WHAT YOU HAVE TO DO
Starting at the line that contains "Ручка фиксатор барашек", retype each line to the end of the listing below. Include both ends, but not the pictures.
DATA PROVIDED START
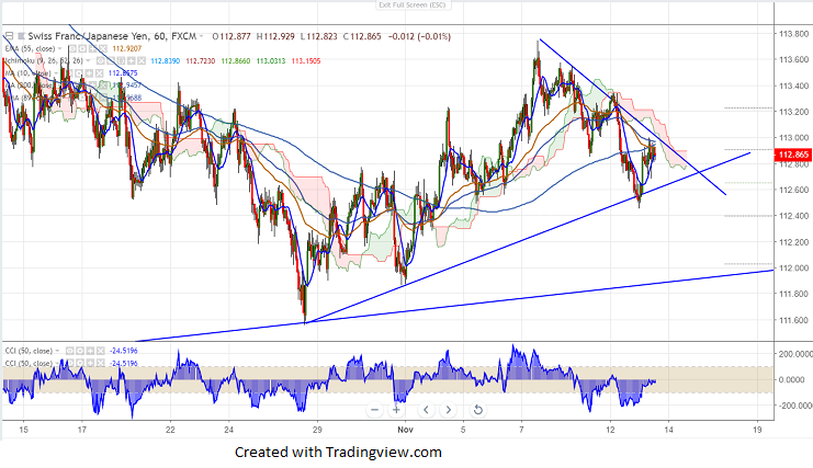 CHFJPY has halted its weakness around 111.59 and shown a 200 pips jump from that level. It hits high of 113.70 and shown a minor selling from that level. It is currently trading around 112.83.
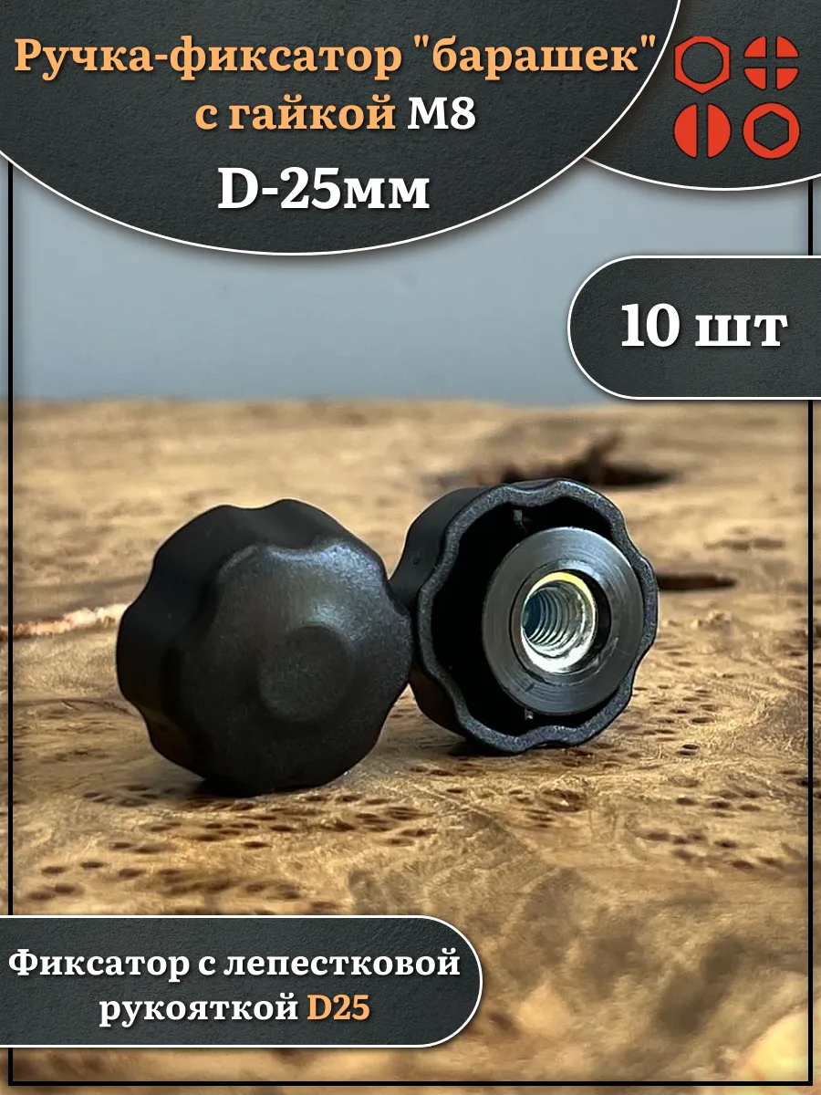 Ручка фиксатор барашек d 25 с гайкой М8, 10 шт.
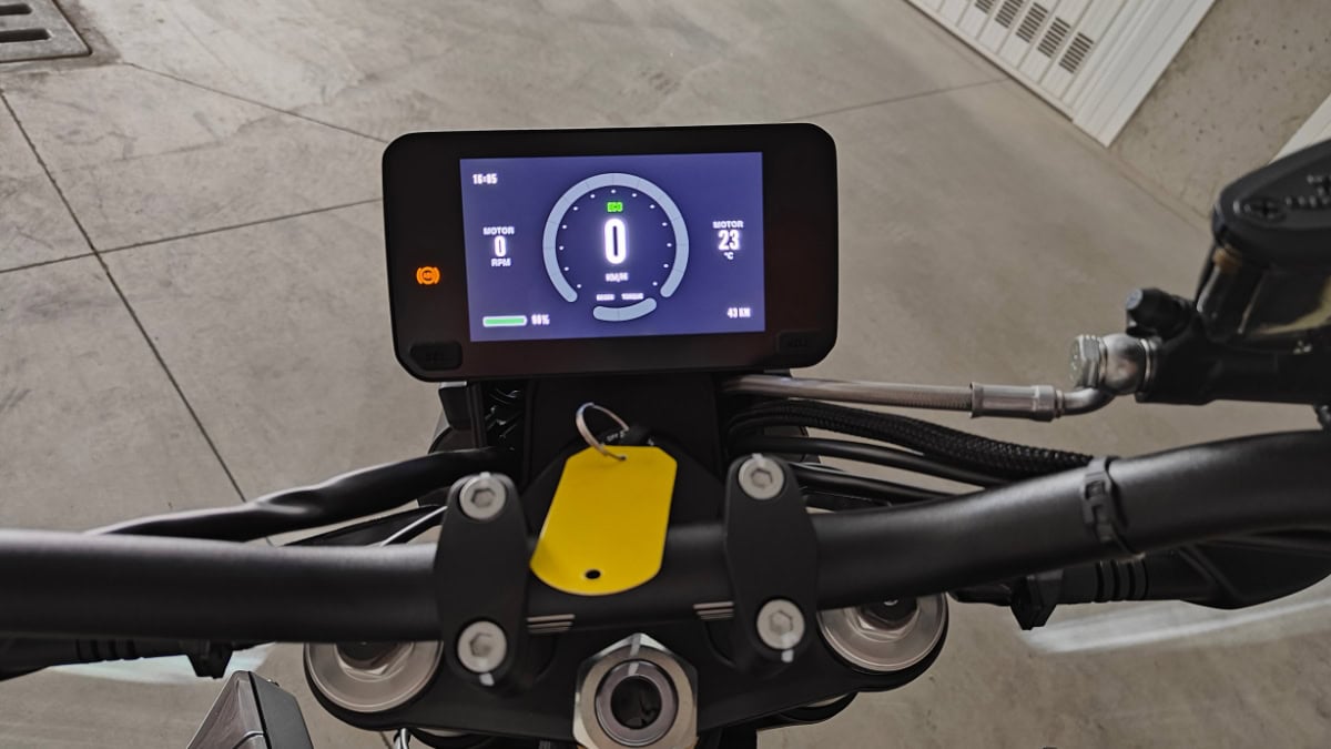 Il manubrio si impugna bene e al centro c’è anche un display ben definito dove poter monitorare la velocità e anche il tipo di guida che si è scelto.
DATA PROVIDED END
EXERCISE RESPONSE
 Ручка фиксатор барашек d 25 с гайкой М8, 10 шт.
 Il manubrio si impugna bene e al centro c’è anche un display ben definito dove poter monitorare la velocità e anche il tipo di guida che si è scelto.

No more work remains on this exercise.